**Try it:**
Every line from the first one in the data below through the line holding "The Textured Knit" is to be written out exactly, with the pictures omitted.

⟨

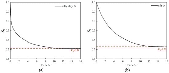 The initial static lateral pressure coefficient can be determined through K0 consolidation tests. The initial value is 1, and it gradually stabilizes and reaches its final value during the consolidation process. As the loading process progresses, the deviatoric stress continues to increase until the test is completed. The test results for the representative strata are shown in Figure 6. The values of the silt and silty clay were relatively close, ranging from 0.51 to 0.53. The value of the sand was larger (0.58).
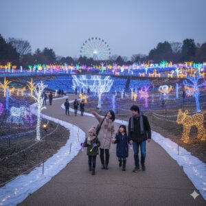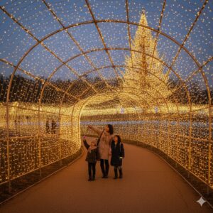 国営讃岐まんのう公園W.ファンタジーは、四国最大級の光の舞台。ご家族の冬の思い出を彩る、感動いっぱいの旅のハイライトです。
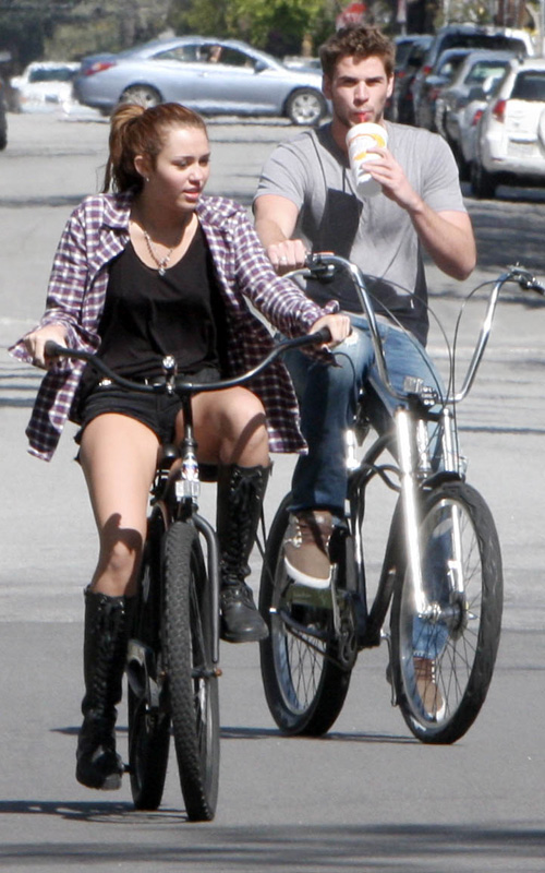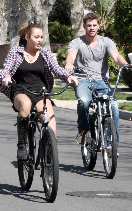 Juntos para un esparcimiento por la ciudad, Miley Cyrus y Liam Hemsworth fueron vistos participando en un paseo en bicicleta por Toluca Lake, el viernes por la tarde (5 de marzo). La preciosidad de Disney y su novio y co-star australiano parecían disfrutar plenamente pedaleando mientras se reían entre sí.
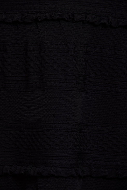 The Textured Knit Sleeveless Mini Dress in Black. This knitted dress is intricately designed with scallop and pointelle trims for signature Needle & Thread detailing. Beautifully developed from a stretch, yarn fabric that makes the dress easy to wear and comfortable. This sleeveless dress is adorned with perfectly placed knitted ruffles, lace cable details and a voluminous skirt. Make this dress your new wardrobe staple.
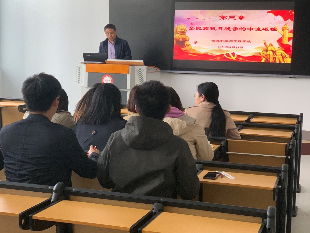 4月15日下午2点,信息科学与工程学院党总支开展了本周党史学习教育。会议采取网络腾讯视频会议形式,分别在淄博校区理工东A106室和济南校区2号楼143室召开。全体教职工参加会议,会议由党总支副书记孙向群主持。信工学院积极响应党中央在全党开展党史学习教育的号召,每周四下午组织全体党员进行政治理论学习。本周集中学习了《中国共产党简史》的第三篇章《全民族抗日战争的中流砥柱》,并集中观看《国家相册》纪录片。全院党员集中教育,各支部分散讨论交流,以党内学习带动全院师生广泛开展党史宣传教育,推动党史学习教育深入教师、深入同学、深入校园。
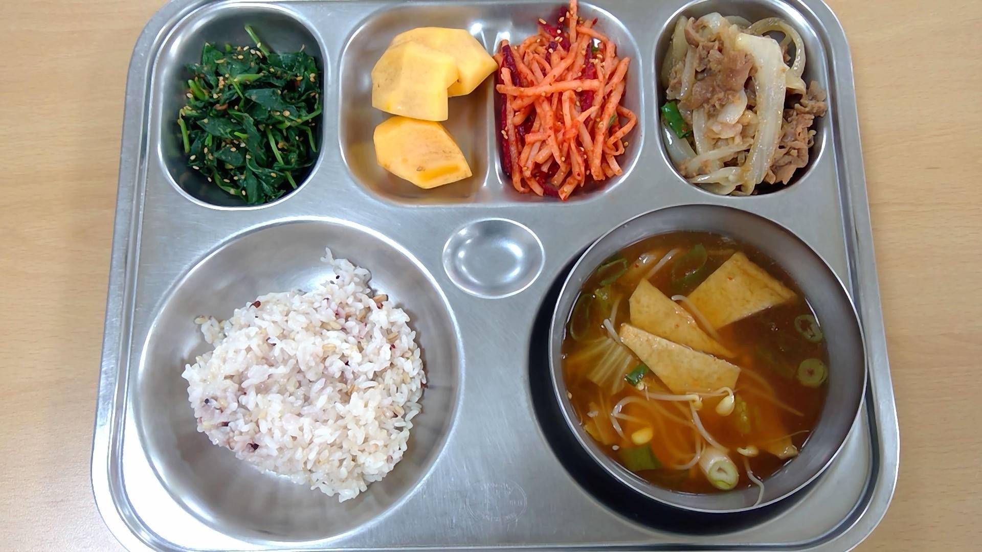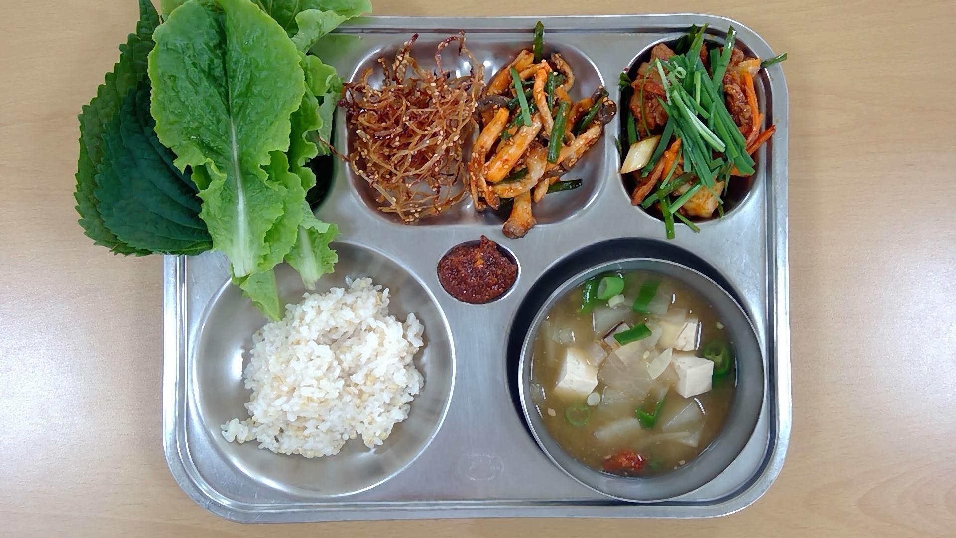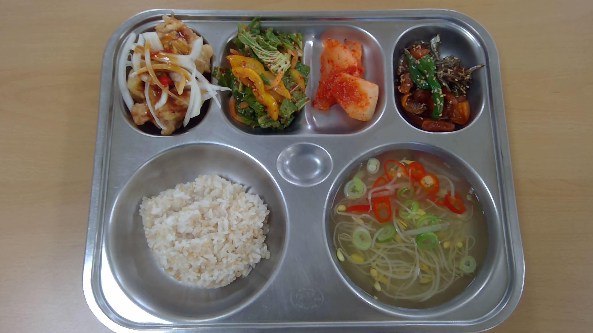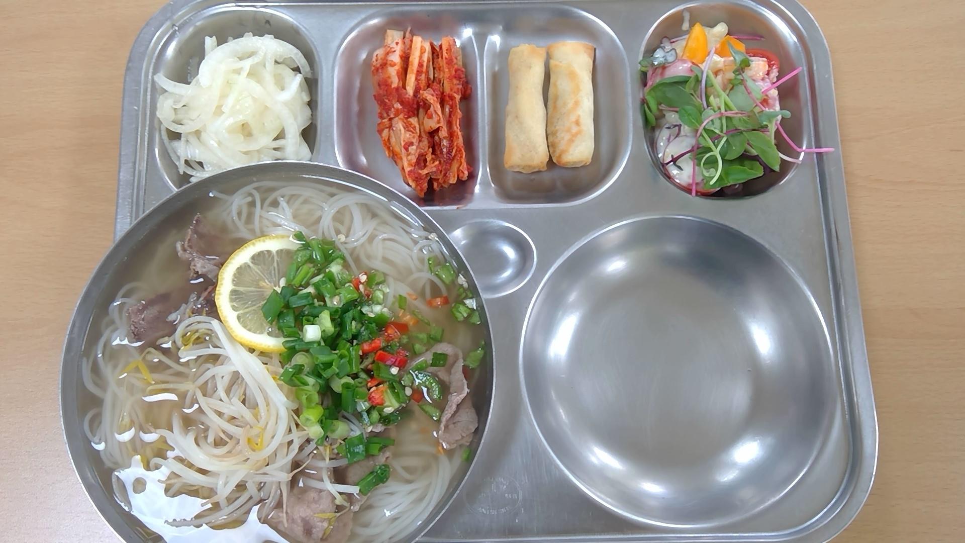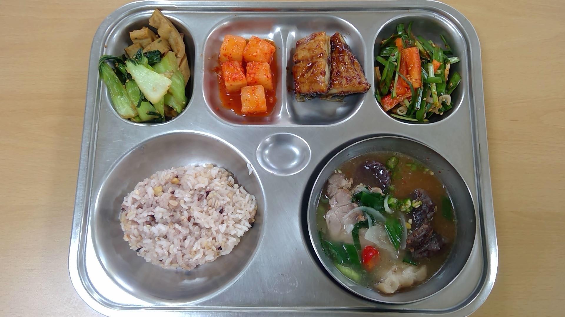 ㆍ찰보리밥 ㆍ콩나물무채국(5.9) ㆍ쌈추겉절이(5.6.13) ㆍ감말랭이멸치볶음(5.13) ㆍ수제순살깐풍기(5.6.13.15.18) ㆍ석박지(9) ㆍ우유(2) | ㆍ혼합잡곡밥(5) ㆍ순대돼지국밥(2.5.6.9.10.13.16) ㆍ부추무침(5.6.13) ㆍ청경채어묵볶음(1.5.6.13.18) ㆍ임연수어데리야끼소스구이(5.6.13) ㆍ깍두기(9) ㆍ우유(2) | ㆍ베트남쌀국수(5.6.13.15.16.18) ㆍ콘샐러드(1.2.5.6.12) ㆍ무채양파초절임(13) ㆍ춘권(1.5.6.10.16.18) ㆍ배추김치(9) ㆍ우유(2) | ㆍ찰보리밥 ㆍ참미더덕된장국(5.6) ㆍ오징어실채볶음(5.13.17) ㆍ애느타리잔파초무침(5.6.13) ㆍ오리부추볶음(5.6.13) ㆍ(상추/깻잎쌈)(5.6.13) ㆍ우유(2) | ㆍ혼합잡곡밥(5) ㆍ어묵김치국(1.5.6.8.9.17.18) ㆍ방풍나물무침(5.6) ㆍ비트무생채(13) ㆍ돈육파채불고기(5.6.10.13) ㆍ단감 ㆍ우유(2) |
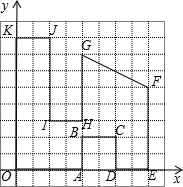 解答 解:刘湘利用了坐标确定点的位置,如图,图形的形状是OABCDEFGHIJK,各点的坐标是O(0,0),A(4,0),B(4,2),C(6,2),D(6,0),E(8,0),F(8,5),G(4,7),H(4,3),I(2,3),J(2,8),K(0,8).
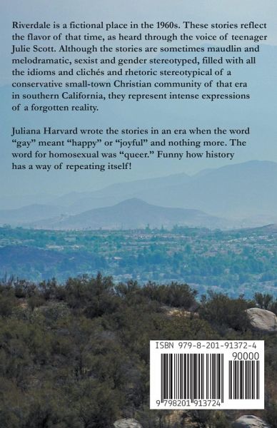 Riverdale is a fictional place in the 1960s. These stories reflect the flavor of that time, as heard through the voice of teenager Julie Scott. Although the stories are sometimes maudlin and melodramatic, sexist and gender stereotyped, filled with all the idioms and clichés and rhetoric stereotypical of a conservative small-town Christian community of that era in southern California, they represent intense expressions of a forgotten reality.
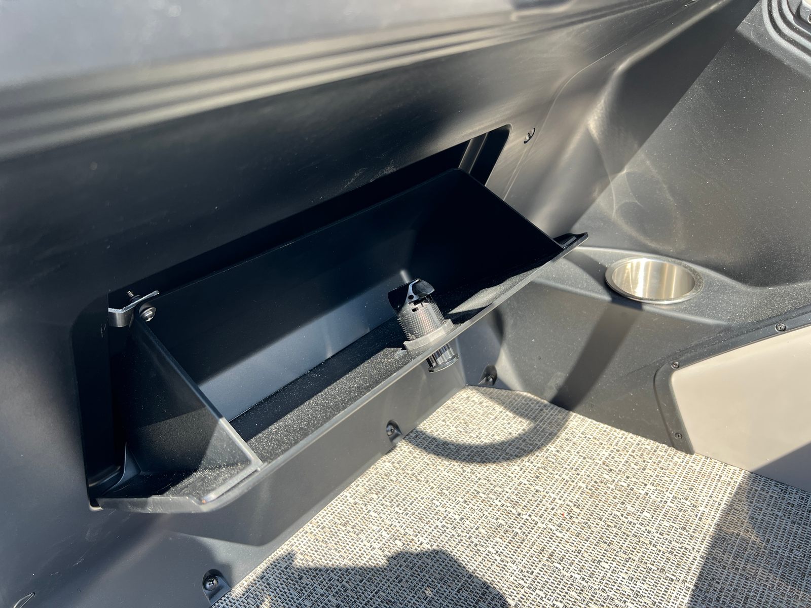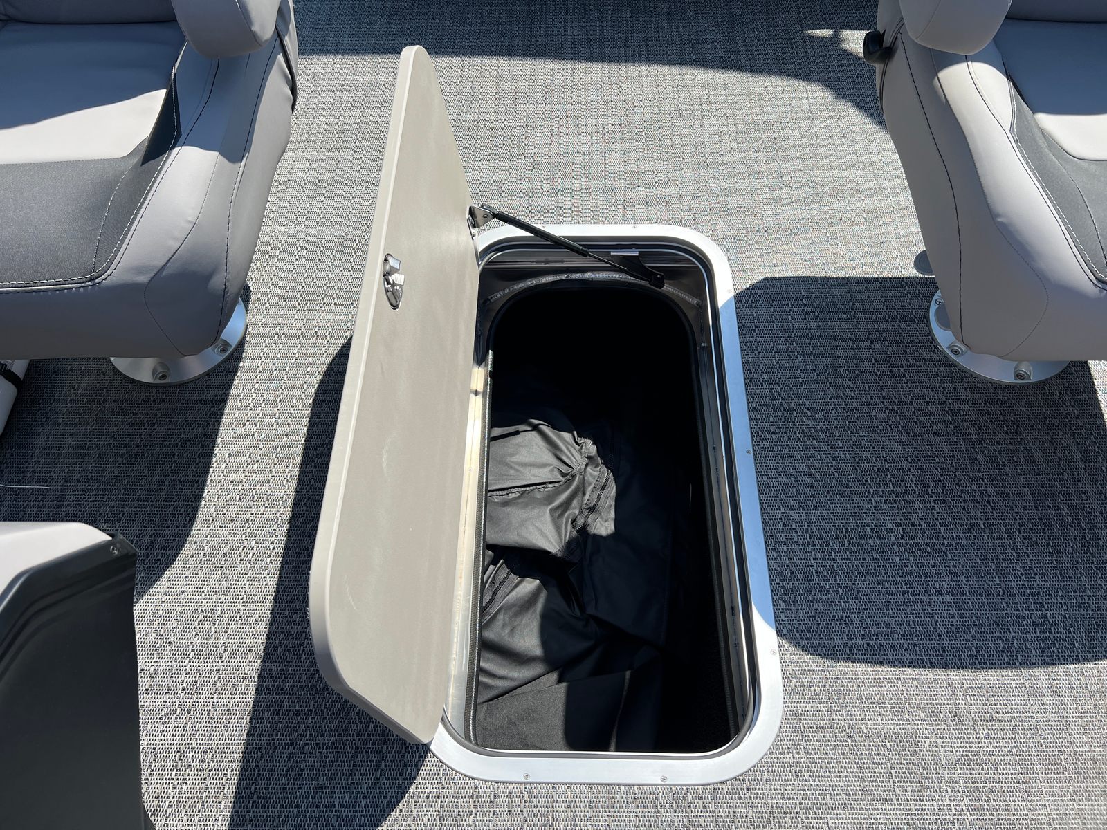The 2026 Barletta Aria A22UC is loaded with features that set it apart from other pontoon boats for sale. The Railskin Color Aria in Matte Black, complemented by the Blackout Package Aria, gives this pontoon a striking and contemporary appearance that is sure to turn heads at the dock. The Tempest Gray furniture provides a sophisticated and inviting atmosphere, while the Amore Gray flooring is both stylish and easy to maintain. The in-floor midship storage offers a convenient solution for stowing away gear, water toys, and personal items, keeping the deck clutter-free and organized. A stainless steel flag pole with an American flag adds a patriotic touch, perfect for celebrating holidays or simply showing your pride on the water.
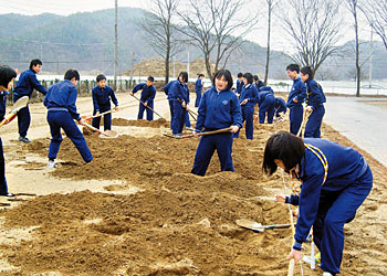| <노는 땅을 밭으로 만들기 위해 구슬땀을 흘리고 있는 4-H회원들.> |
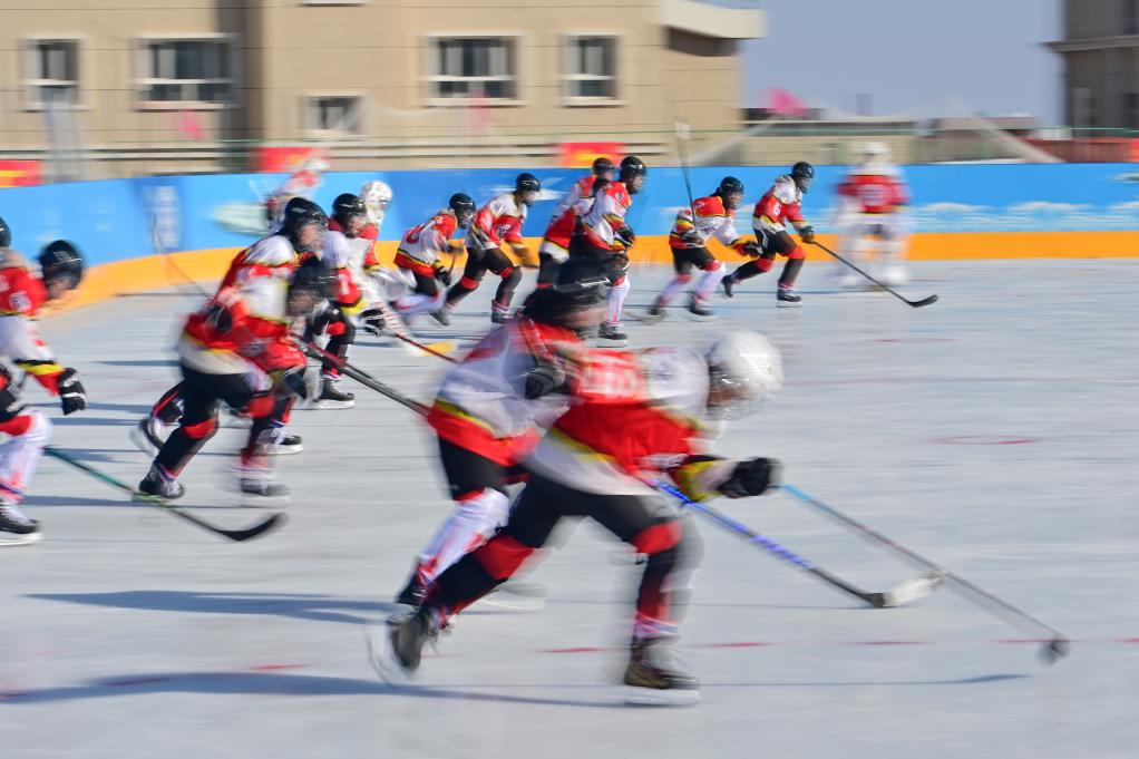 2月21日,在新疆乌鲁木齐县第一中学,学校冰球队队员在体育课上训练。新华社记者 丁磊 摄
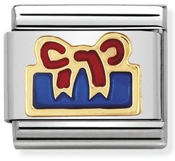 COMPOSABLE Clasic FUN in stainless steel with enamel and 18k gold Blue present with red ribbon
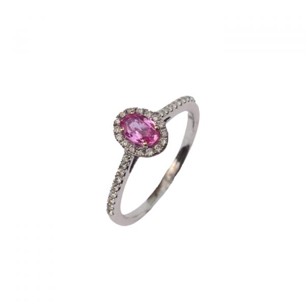 Magnifique saphir rose ovale (0.70 carat) serti 4 griffes.

⟩

**Task result:**
 The initial static lateral pressure coefficient can be determined through K0 consolidation tests. The initial value is 1, and it gradually stabilizes and reaches its final value during the consolidation process. As the loading process progresses, the deviatoric stress continues to increase until the test is completed. The test results for the representative strata are shown in Figure 6. The values of the silt and silty clay were relatively close, ranging from 0.51 to 0.53. The value of the sand was larger (0.58).
 国営讃岐まんのう公園W.ファンタジーは、四国最大級の光の舞台。ご家族の冬の思い出を彩る、感動いっぱいの旅のハイライトです。
 Juntos para un esparcimiento por la ciudad, Miley Cyrus y Liam Hemsworth fueron vistos participando en un paseo en bicicleta por Toluca Lake, el viernes por la tarde (5 de marzo). La preciosidad de Disney y su novio y co-star australiano parecían disfrutar plenamente pedaleando mientras se reían entre sí.
 The Textured Knit Sleeveless Mini Dress in Black. This knitted dress is intricately designed with scallop and pointelle trims for signature Needle & Thread detailing. Beautifully developed from a stretch, yarn fabric that makes the dress easy to wear and comfortable. This sleeveless dress is adorned with perfectly placed knitted ruffles, lace cable details and a voluminous skirt. Make this dress your new wardrobe staple.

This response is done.